If you hold onto that thought for future events then you may realise that I may not be the person to approach if you’re trying to convince me about a new band that sound like Kasabian.
No one seemed to show enough enthusiasm that would persuade me to go and see a band they recommended this weekend. So many failed to actually come up with any reason that wasn’t connected with their annual salary and very few suggested that I should go and see a band by showing any signs that they were a bit besotted or building an unhealthy obsession about the band in question.
There’s only so many times we can look interested when being told that bands A, B, C or D are “getting a good reaction at the moment”…. “A good reaction from who?” I ask … well, “They’re getting played on the radio” I’m told, and “publications (web sites such as this one) are going mad over them!”
The response we give is that we can hear what the radio plays (most of the time) and we read what’s in the NME when there’s one lying discarded on the pavement but the best bands seem to come our way via our mates telling us about them on Facebook or Twitter or by standing in tiny rooms at half eight on a Tuesday evening.
Promoters seem to be an even better source of discovering new bands nowadays. It’s these people we all really need to thank as they’re way ahead of the game than anyone one else it seems.
Three days after this event I’m looking at emails I received from people before the event who appear to send out a lot of emails to strangers about certain bands I’ve actually seen this weekend but I can’t remember much about any more. This, (I will respond to these people later) is not good. The bands I’ve seen who I believe are offering something truly magically creative (more than 50% at this event we attended alone) are the bands that coincidentally I’ve never heard mentioned before.
Therefore using all of the above as an excuse to justify not walking for miles around the streets of Brighton, a decision was made to stay in ONE place (Bar Rogue, Royal Albion Hotel) and allow anyone who really wants a beer and a catch-up to come and find where we are. Every band here over the three days is seen on an equal footing – if you exclude the ones we’ve seen before and written about previously (and indirectly had a hand in them being in this bar either before or after their other gigs in town).
Earworm (who are the promoters of this) are music fans like you and I.
They book bands they love and they realise that if there’s loads of bands (say, from Finland, and Lithuania for example) kicking their heels around town during the main event then there’s a possibility that they can grab some of these and allow them space for an additional show.
This isn’t about money either.
This is about simply showing off a lot of bands these people really like and listen to day to day and maybe give Great Escape punters a second chance to see if they’ve not been able to make the other shows around this busy town.

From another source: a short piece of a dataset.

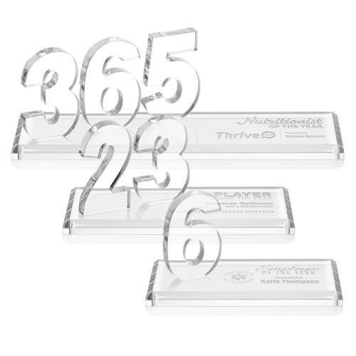 Of the Crystal Awards, this beautiful Northam Milestone Award - Clear is a great choice. (AWS6071) Celebrate an important milestone with the Northam Milestone Awards. Personalize the award with one, two, or three Starfire Crystal digits, allowing you to commemorate specific milestones, years of service, or any numerical achievement that deserves acknowledgment. Numbers sit atop your choice of clear crystal base.

These are bands that Earworm feel should be connecting with more people than they probably are.
People like myself and hopefully whoever else walks through these doors during the weekend.
Earworm are providing us with bands we can and will discuss in the present tense NOT the future tense. If you really want to know how many of these we think (well, I think) will one day headline Glastonbury and make bucket loads of money for the people who are probably staying awake after our own bedtimes snorting coke from a glamour model’s arse (OK then, probably not) then it’ll be NIL – Zilch – A BIG FAT ZERO.
We’re here to witness a lot of bands in their prime.
If they are yet to reach their ‘potential’ then I’m afraid some of us simply are not interested. We’re here for the present, these bands are genuinely brilliant already. Some of them may not even exist in twelve months’ time, but some of them will, and some of them may end up down YOUR local on a Friday or Monday evening where your attendance will contribute to a really bloody great night out and give those who arrange such evenings justification to keep putting these shows on.
Some of these bands, even though we sometimes wonder how, will even get better and better (I’m looking at you ASYLUMS). Seeing bands X, Y or Z before they reach their ‘potential’ (that word again!) we are simply not interested in (yet).
I’ll tell you who we’ve seen this weekend that does have ‘potential’ though. A chap called Oliver who most people that attended this particular venue over the weekend would not have even noticed. Oliver is part of a small army of six or seven people from the local Northbrook College who were responsible for the lights and sound this weekend and who, without exception made every band sound great and went about their business so efficiently that half hour sets followed by twenty minute changeovers were consistent over the duration of our attendance. There were probably similar people all over the town this weekend doing the same, however Oliver is sixteen, and he may have been the last one standing at the end of all this and is gearing up his existence to get involved in the things we all often take for granted when we go out in the evenings. Including Saturday, when most kids of his age should be learning how to smoke fags outside the local shopping arcade not replacing a string that the performing band have snapped but would like back after they’ve played us a tune that doesn’t require the broken instrument for a few minutes.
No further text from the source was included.